#### DATA
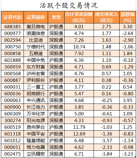 活跃个股方面,北向资金今日净买入的有复旦微电、浪潮信息、比亚迪、宁德时代、五粮液,净买入金额分别为2.75亿元、1.77亿元、1.63亿元、1.48亿元、1.11亿元。北向资金净卖出较多的有立讯精密、格力电器、隆基绿能、中国平安、贵州茅台,净卖出金额分别为3.84亿元、2.33亿元、1.57亿元、1.36亿元、1.03亿元。
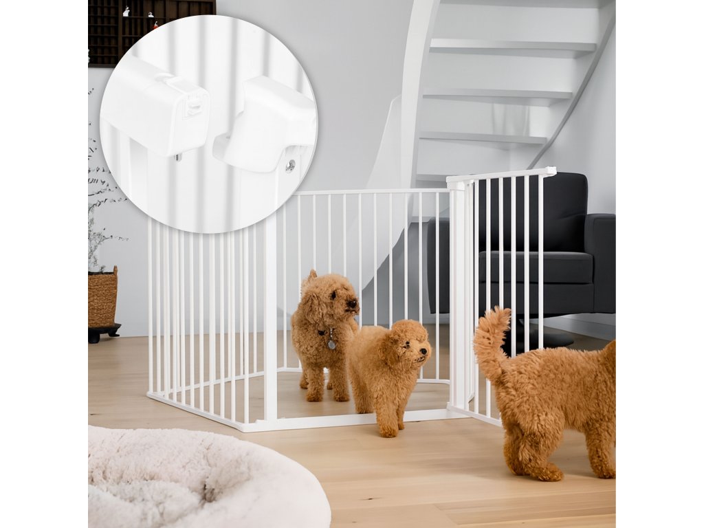 Naše bezpečnostní zábradlí je řešením nejen pro rodiče malých dětí, ale také pro majitele čtyřnožci . Pokud vlastníte psa, který potřebuje vyhrazený prostor doma bude tento produkt fungovat perfektně. Díky možnosti tvarovat panely libovolným způsobem můžete vytvořit uzavřený prostor, kde může váš mazlíček odpočívat bez rizika poškození nábytku nebo nežádoucího chování.
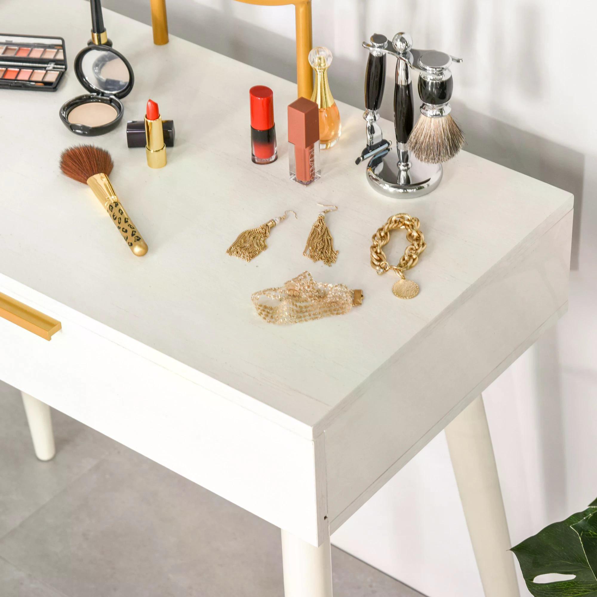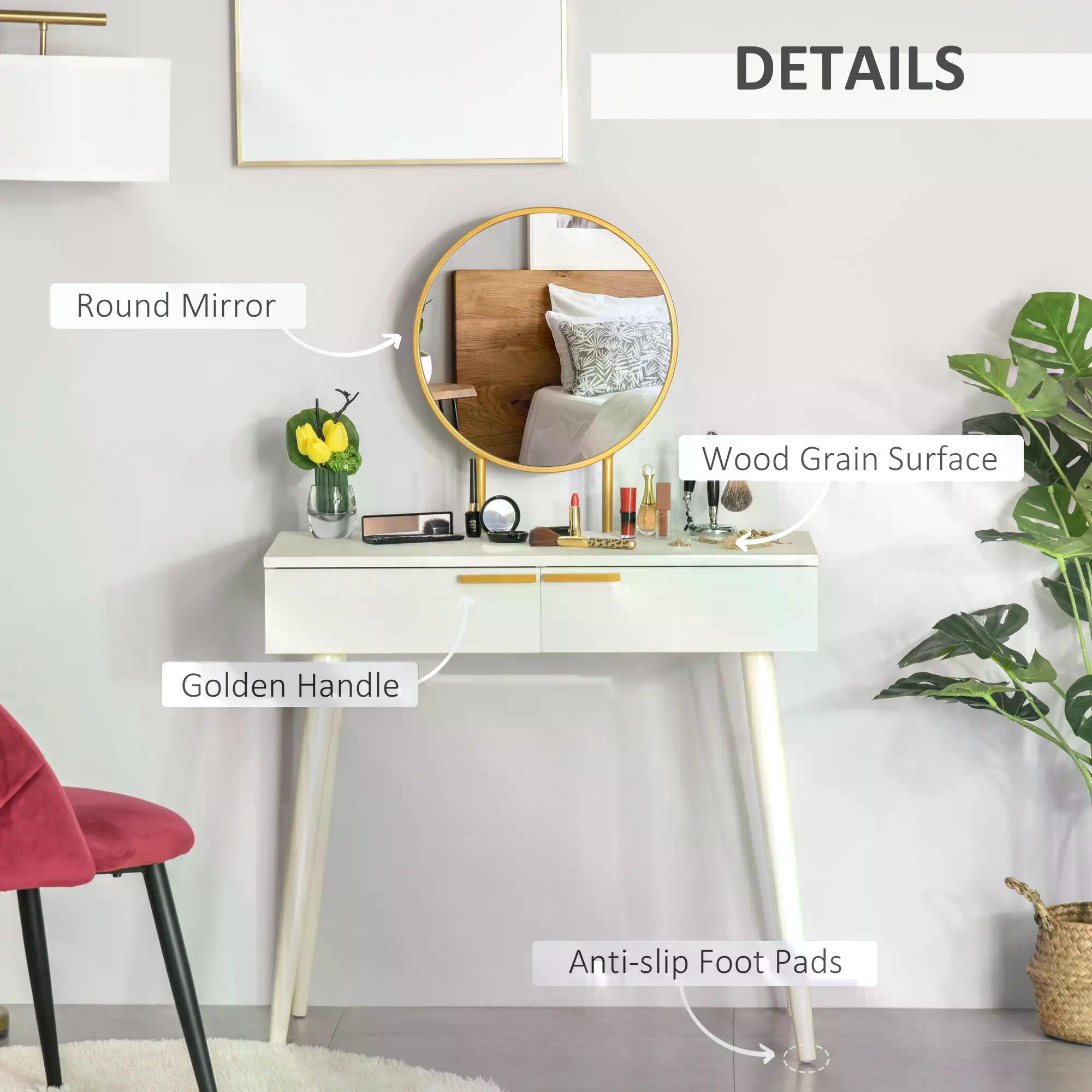 You will find everything you need in this HOMCOM dressing table: elegance, storage and comfort. Two sliding drawers for easy storage of cosmetics, brushes and other products. The table top is flat and large for extra holding room, with a large round mirror for you to get ready. The space beneath the table provides plenty of room for your legs, so you never feel cramped.
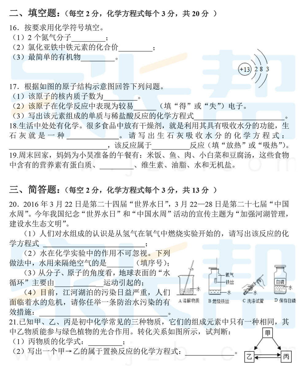 2016年长郡中学新高一分班考试化学试题(3)
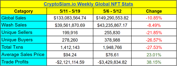 We also saw a substantial decline in sellers, buyers, and transactions, while sellers for the second week in a row saw an increase in profits (though still in the negative).
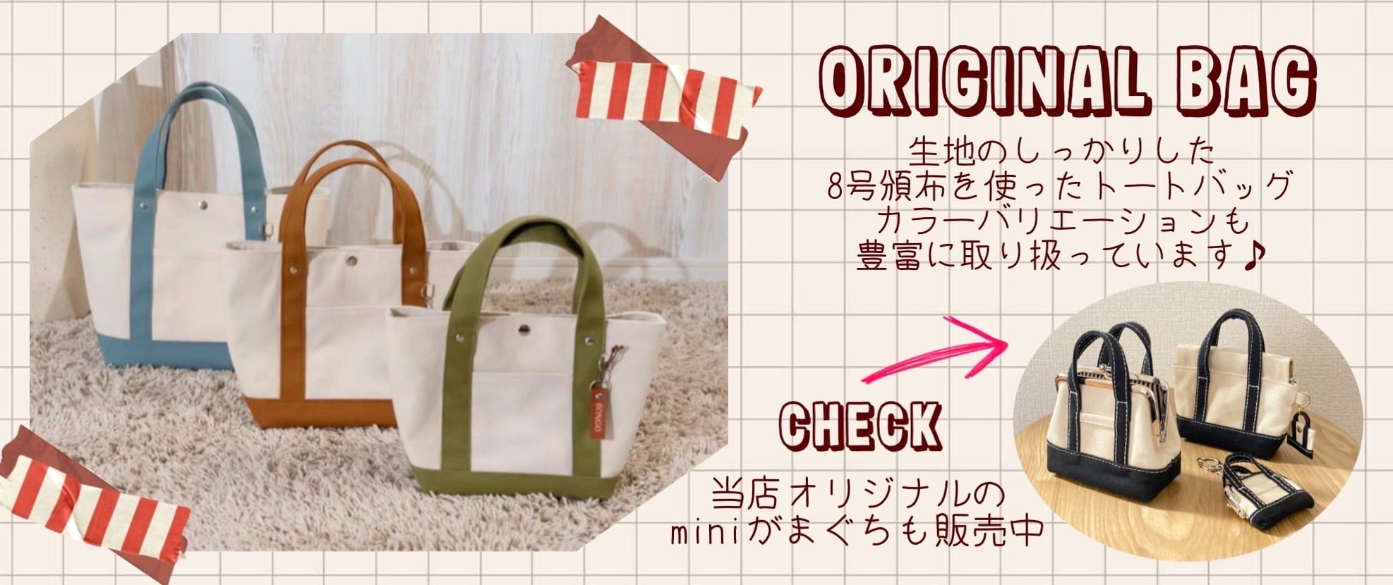 トートバッグ ハンドメイド Mサイズ テープ

#### TASK
Each line from the one that contains "You will find" through the end of the records should be restated exactly; include both end lines and leave any pictures out.

#### ANSWER SPACE
 You will find everything you need in this HOMCOM dressing table: elegance, storage and comfort. Two sliding drawers for easy storage of cosmetics, brushes and other products. The table top is flat and large for extra holding room, with a large round mirror for you to get ready. The space beneath the table provides plenty of room for your legs, so you never feel cramped.
 2016年长郡中学新高一分班考试化学试题(3)
 We also saw a substantial decline in sellers, buyers, and transactions, while sellers for the second week in a row saw an increase in profits (though still in the negative).
 トートバッグ ハンドメイド Mサイズ テープ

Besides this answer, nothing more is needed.